Lo que pudo ser y no fue, la calma tras la tempestad, el amor inflado que al poco tiempo se destapa en mediocre cotidianidad... quien esté libre de culpa que tire la primera piedra.
Esos años cincuenta acomodaticios de la película nos remiten a la actualidad y señalan el nihilismo en el que vivimos, el tiempo del caos, el fin de una época, de una manera de pensar y el reconocimiento de nuestra realidad ruinosa.
Sin embargo Revolutionary road no es la película magistral que pudo llegar a ser. Por la temática se desea y se intuye que debió ser una película de silencios e impotencias, de ahí que la pareja de vecinos colmados de normalidades y vulgaridades tiene más empatía que la protagonizada por Kate Winslet y Leonardo di Caprio. Impagable es el momento en que el vecino le pregunta a sus hijos qué ven por la tele y los críos ni le responden absortos en la caja tonta, su mirada de derrota entonces, del absurdo de toda una vida no tiene precio.

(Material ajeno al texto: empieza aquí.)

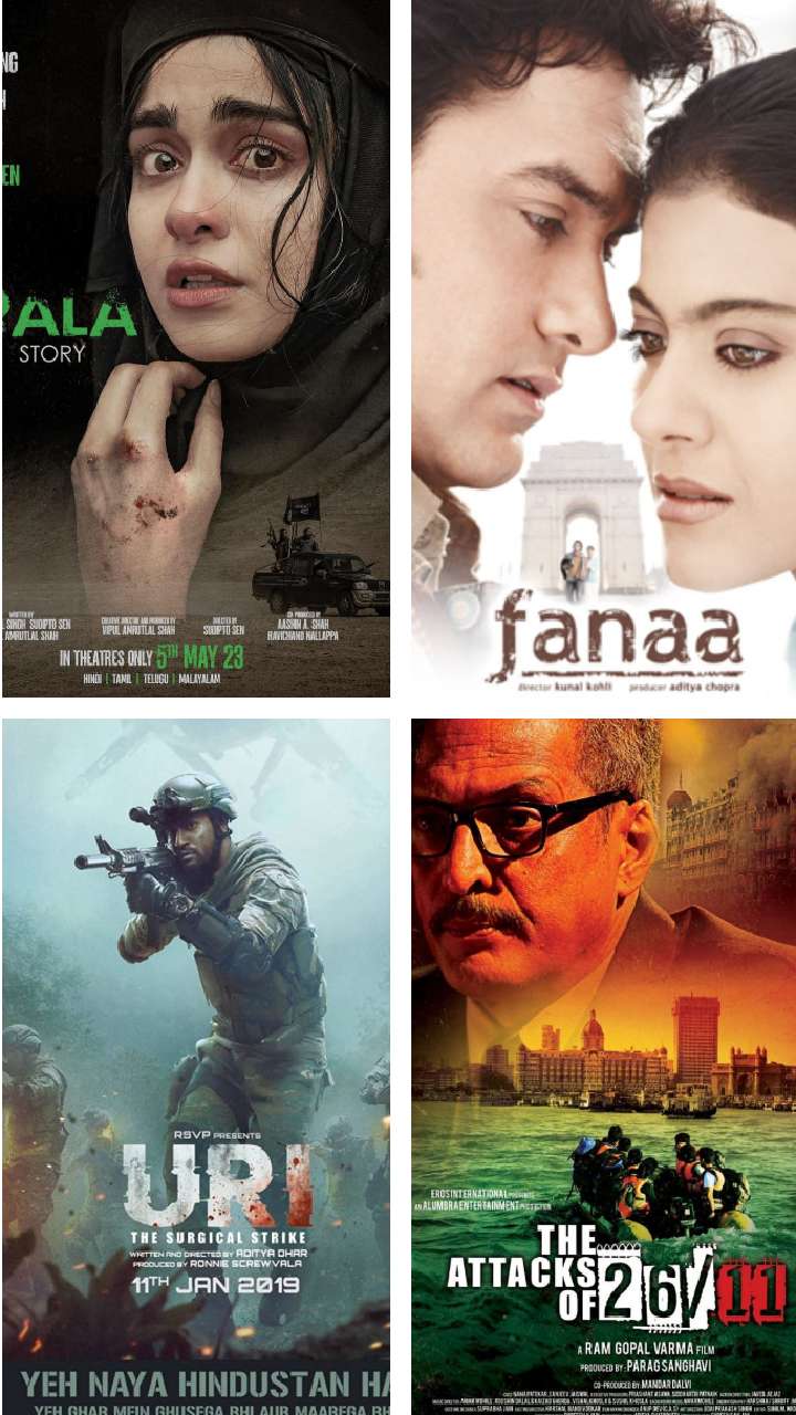 बॉलीवुड की कई ऐसी फिल्मे हैं जहां आतंकवाद का घिनौना चेहरा दिखाया गया है।

Si todas las escenas de la película hubieran sido tan contenidas y dolorosas como ésta, hablaríamos de una obra maestra absoluta del cine, pero el exacerbado romanticismo que aplica Sam Mendes llena Revolutionary road de momentos de radicalidad que estropean la identificación del espectador con lo que está viendo, de peleas imposibles, de personajes increíbles innecesarios – el matemático loco de remate – que rompen esa rutina que siente toda pareja, ese “estar más muerto que vivo” que necesita la película para hundir su cuchillo en nuestra alma y hacernos sentir tan culpables como fracasados.
La pelea inicial del film es otro tropiezo pues la película debería comenzar diez minutos más tarde cuando vemos a Leonardo di Caprio yéndose al trabajo como uno más, sentado en el tren asomando su sombrero cincuentero como todos los demás. Ese principio rompedor por lo ordinario lleno de silencios que tanto cuentan sí supo entenderlo y transmitirlo el genio Billy Wilder en El apartamento con la que Revolutionary road guarda tantas similitudes. Sin embargo el director austriaco sabía que su película necesitaba más silencios que gritos y más vulgaridad que protagonismo. Por eso Jack Lemmon y Shirley Maclaine juegan a las cartas al final de la película sin saber si se van a querer o no y por eso Revolutionary road tendría que haber terminado como empezó, con la pareja condenada a su monotonía como la bola de Sísifo y no con tantos finales innecesarios y barrocos – el suicidio de ella vuelve a ser romántico y escapa de la habitualidad que conocemos -. Por eso también El apartamento pasará a la historia y Revolutionary road no.